Data items
═══
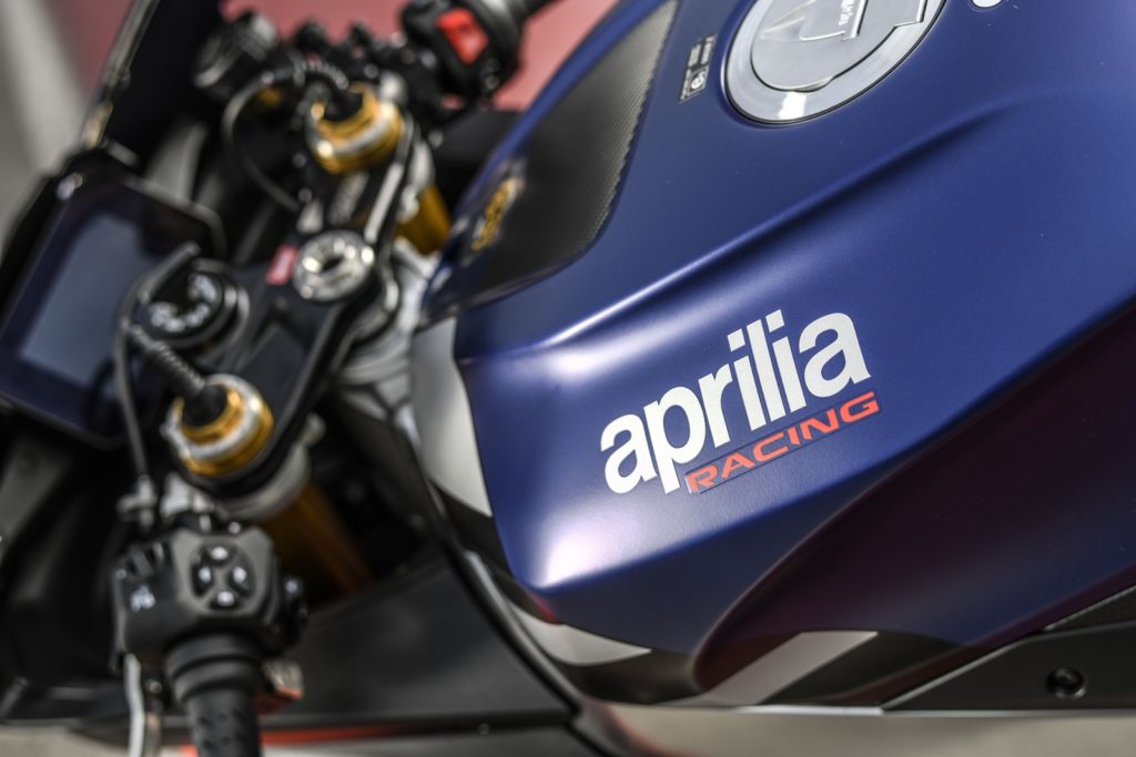 - Scarico slip-on: Akrapovic by Aprilia Racing, è dotato di silenziatore in titanio ed è omologato per uso stradale. Disponibile anche la versione slip-on in carbonio, per esclusivo uso in pista. Include la mappatura motore dedicata sviluppata da Aprilia Racing.
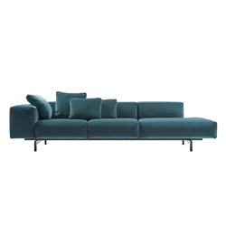 Le canapé Largo Kartell est un système de canapés avec différentes configurations, qui offre un appui solide et linéarité. La structure en acier verni soutient les coussins amples en mousse de polyuréthane revêtus en velours. La particularité du projet est aussi donnée par la recherche sur les tissus qui constituent un nouveau domaine de développement de la collection Kartell Soft. Coussins escluses.
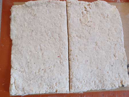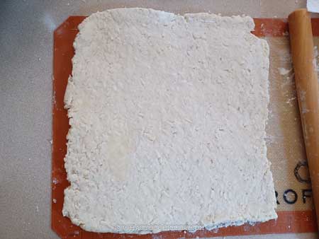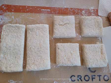 13. Then roll the dough out to about 1-inch thickness. I use a serrated knife to cut using a “sawing” motion. Do not cut the dough by pressing the knife down as you seal the edges and the biscuits won’t rise. If you use a biscuit cutter, use the 2.5 inch round cutter. Push straight down and lift the cutter up. DO NOT twist the cutter. When you do that, you seal up the edges and it won’t rise when you bake it. Cut as close as possible to minimize dough scrape
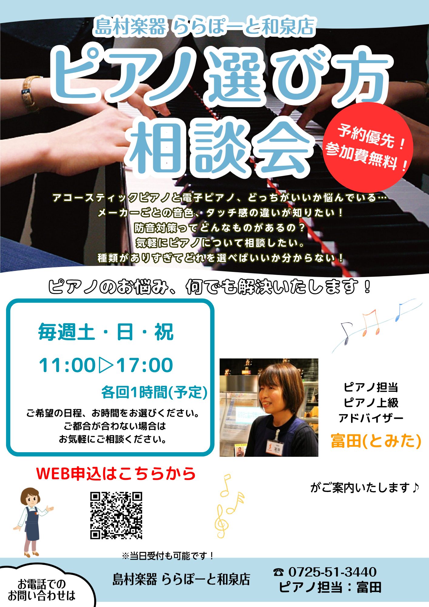 ご希望の日時が迫っている場合は、ピアノ担当富田(とみた)宛にお電話にてお問い合わせ頂けますとスムーズにご案内できます。
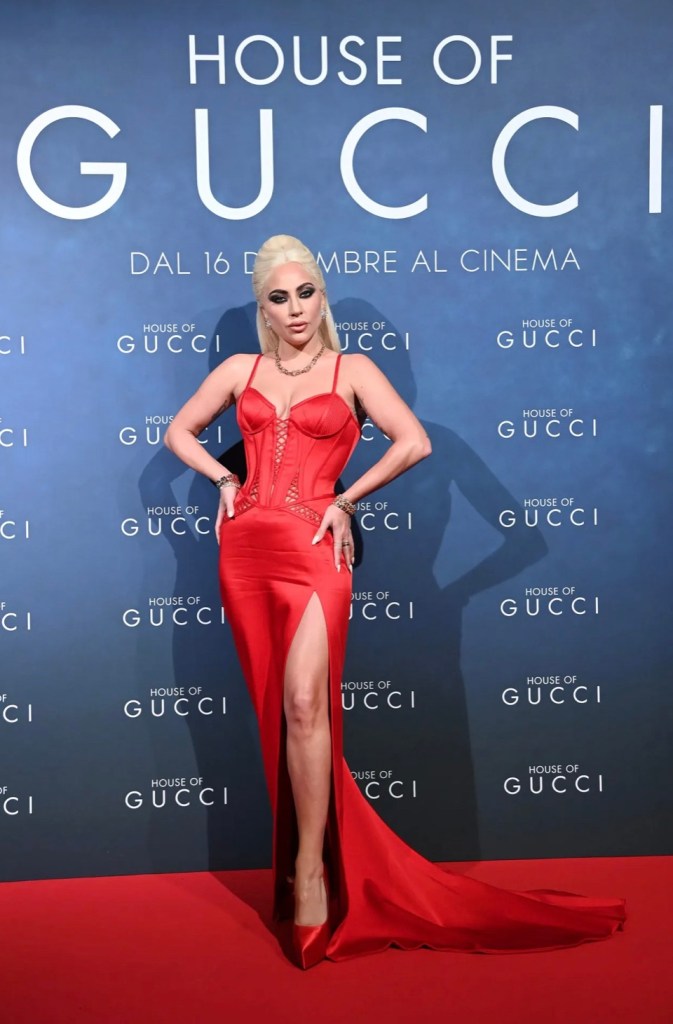 Кохання, вбивство, гроші і мода. Все це про новий фільм Рідлі Скотта «Дім Gucci», який розповідає про неабияку драму у знаменитій італійській родині. Костюми у картині грають не останню роль — Патриція Реджянні, чий образ на екрані втілила Леді Гага, славилася великим гардеробом та любила виглядати ефектно. Мабуть, саме з цієї причини актриса і співачка, яка і без того розділяє пристрасть до епатажу, вирішила під час промо-туру показати все на що здатна. У хід пішли розкішні gowns, усипані гліттером, спокусливі корсетні сукні і, звичайно, монограма бренду та улюблені ботильйони Леді Гаги на високій платформі.
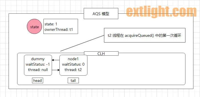 返回的 node1 节点后,t2 线程开始执行 (6) ,node1 节点被当作参数传入到 acquireQueued() 方法中,该方法用于将节点放入到 CLH 队列中,将其线程挂起等待。
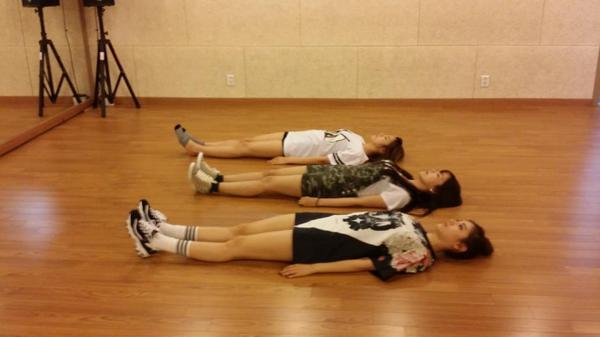 공개된 사진 속 오렌지캬라멜 멤버들은 연습실 바닥에 정자세로 누워있다. 특히 세 사람은 쭉 뻗은 늘씬한 각선미를 선보여 눈길을 끌었다.
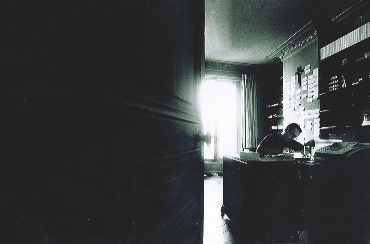 Noir et blanc. Depuis le couloir, dans son bureau, en train de préparer ses fiches.
═══
Problem → Copy each line above precisely, dropping the pictures.

Result of the task →
 - Scarico slip-on: Akrapovic by Aprilia Racing, è dotato di silenziatore in titanio ed è omologato per uso stradale. Disponibile anche la versione slip-on in carbonio, per esclusivo uso in pista. Include la mappatura motore dedicata sviluppata da Aprilia Racing.
 Le canapé Largo Kartell est un système de canapés avec différentes configurations, qui offre un appui solide et linéarité. La structure en acier verni soutient les coussins amples en mousse de polyuréthane revêtus en velours. La particularité du projet est aussi donnée par la recherche sur les tissus qui constituent un nouveau domaine de développement de la collection Kartell Soft. Coussins escluses.
 13. Then roll the dough out to about 1-inch thickness. I use a serrated knife to cut using a “sawing” motion. Do not cut the dough by pressing the knife down as you seal the edges and the biscuits won’t rise. If you use a biscuit cutter, use the 2.5 inch round cutter. Push straight down and lift the cutter up. DO NOT twist the cutter. When you do that, you seal up the edges and it won’t rise when you bake it. Cut as close as possible to minimize dough scrape
 ご希望の日時が迫っている場合は、ピアノ担当富田(とみた)宛にお電話にてお問い合わせ頂けますとスムーズにご案内できます。
 Кохання, вбивство, гроші і мода. Все це про новий фільм Рідлі Скотта «Дім Gucci», який розповідає про неабияку драму у знаменитій італійській родині. Костюми у картині грають не останню роль — Патриція Реджянні, чий образ на екрані втілила Леді Гага, славилася великим гардеробом та любила виглядати ефектно. Мабуть, саме з цієї причини актриса і співачка, яка і без того розділяє пристрасть до епатажу, вирішила під час промо-туру показати все на що здатна. У хід пішли розкішні gowns, усипані гліттером, спокусливі корсетні сукні і, звичайно, монограма бренду та улюблені ботильйони Леді Гаги на високій платформі.
 返回的 node1 节点后,t2 线程开始执行 (6) ,node1 节点被当作参数传入到 acquireQueued() 方法中,该方法用于将节点放入到 CLH 队列中,将其线程挂起等待。
 공개된 사진 속 오렌지캬라멜 멤버들은 연습실 바닥에 정자세로 누워있다. 특히 세 사람은 쭉 뻗은 늘씬한 각선미를 선보여 눈길을 끌었다.
 Noir et blanc. Depuis le couloir, dans son bureau, en train de préparer ses fiches.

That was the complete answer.